Wednesday, March 20, 2013

My own triggers

I'm feeling a little better about S's rages.  I finally got a response from someone . . . someone who listened to what I had to say, validated it and gave concrete, specific advice for how to move forward from here. That really helped. I also realized something.

When we were going through our home study, there was an interview section. The interviewer asked us questions about our own childhoods and relationships with family members. She talked about how there aren't really "wrong" answers to those questions (although I'm sure there are some answers that would be red flags), but said it was important to know what sort of things might be in our own pasts that a future foster child could trigger. We needed to work through any of those issues ourselves before we could help a child with similar ones.
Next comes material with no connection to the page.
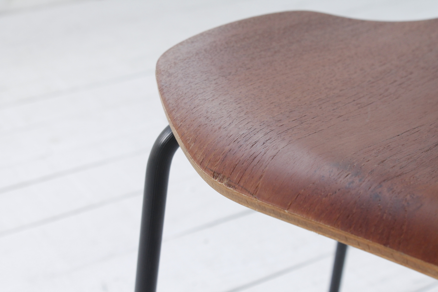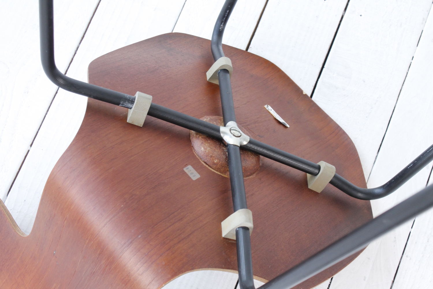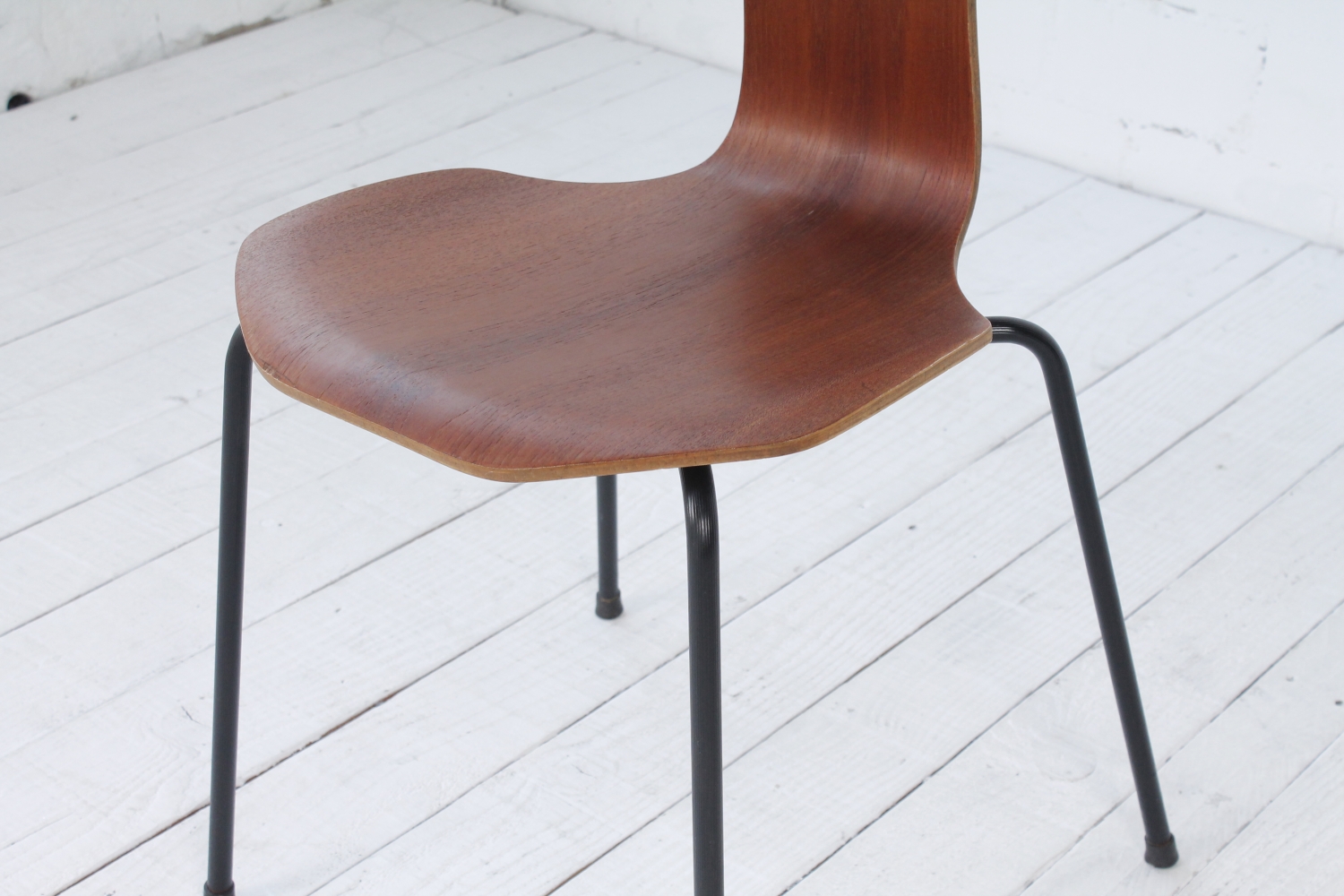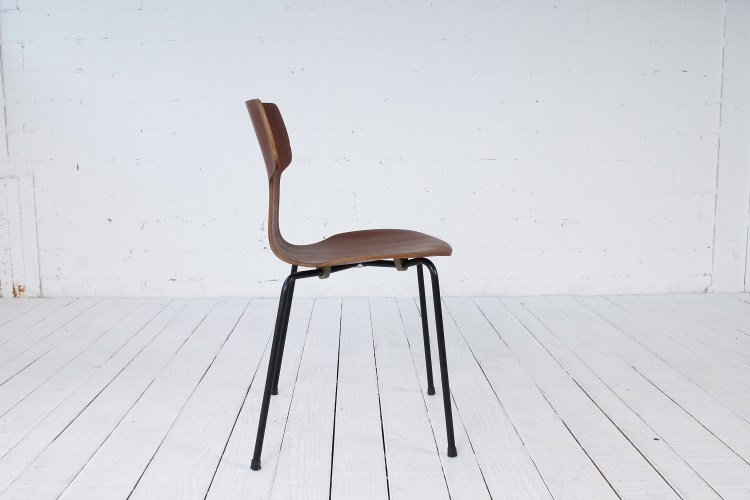 - BeschreibungAlte Ausführung des 3103 Stuhl von Arne Jacobsen. Sitzschale aus in Form gebogenen Schichtholz, Gestell aus schwarz lackiertem Stahlrohr.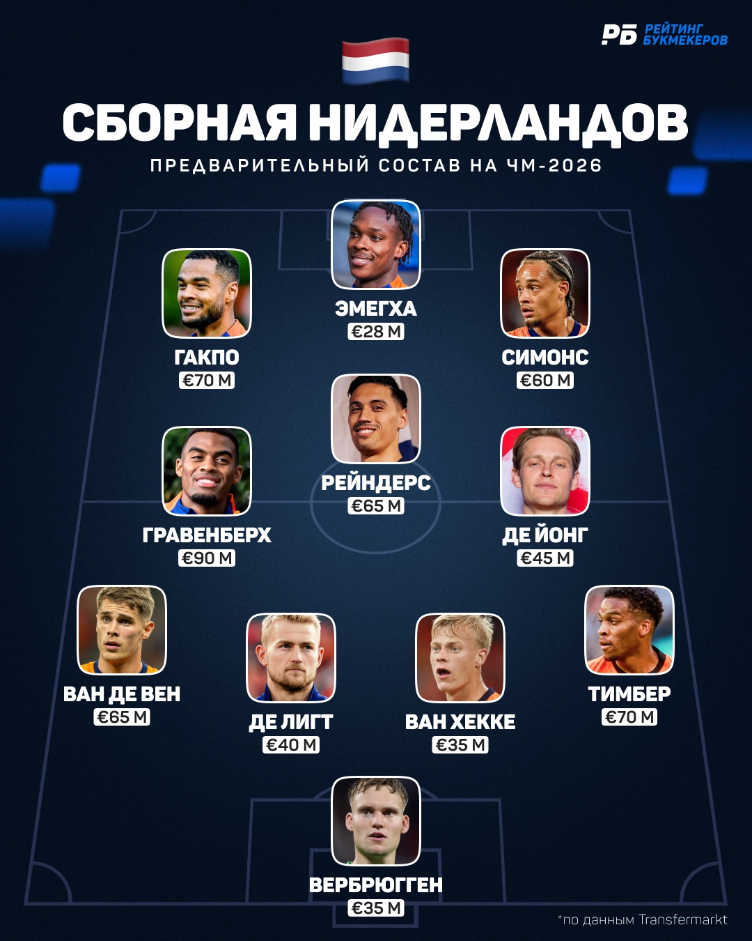 Куман играет по голландской классике — схеме 4-3-3 с акцентом на атаку (Нидерланды забили во всех матчах отбора). При этом, в составе Оранье есть два опорника хай-класса Равен Гревенберх и Фрэнки де Йонг, одинаково хороши, как на мяче, так и без него. Прибавьте сюда классные фланги в лице Дензела Дюмфриса и Юррьена Тимбера и получите прообраз Нидерландов на ЧМ-2026.

Made sense to me. I thought long and hard and tried to imagine anything that could impact a placement.

But I looked too far back. I didn't think about more recent experiences.

I kept asking for help for S, telling professional after professional that she is melting down and I don't know how to help her.

I kept getting all but patted on the head as these people tell me this is "normal" and I'm doing a great job with her and would I like to schedule a respite weekend soon?

I finally realized what past memory that response is dredging up. Susan. The first, oh, about 7 years of her life. Specialist after specialist telling me she is "fine", she's "within normal ranges", she'll "grow out of it" or "catch up." Years of feeling in my gut that she's not fine, that there's something bigger here than a "mild developmental delay", that I don't know how to help her. Pretty much from birth. Until finally, in the spring of 1st grade, the school psychologist did a psych eval on her at my request. (Requested on the advice of the private psychologist we were seeing who told me they had to do it if I asked for it and that he could do one, but that the school might dismiss any findings he made, but "if they find it, they have to offer her resources in school to help her.") And that was when we finally had the Asperger's diagnosis. 7 years.

S can't wait 7 years.

I can't wait 7 years.

I don't ask for help or support services lightly. I know resources are thin and there's not enough money in the pot to cover all the help everybody wants. So, it takes a pretty dramatic problem for me to start screaming for help. And getting brushed off with what they think are reassuring statements is the last thing I need.

Again and again, forever and forever....foster care sucks.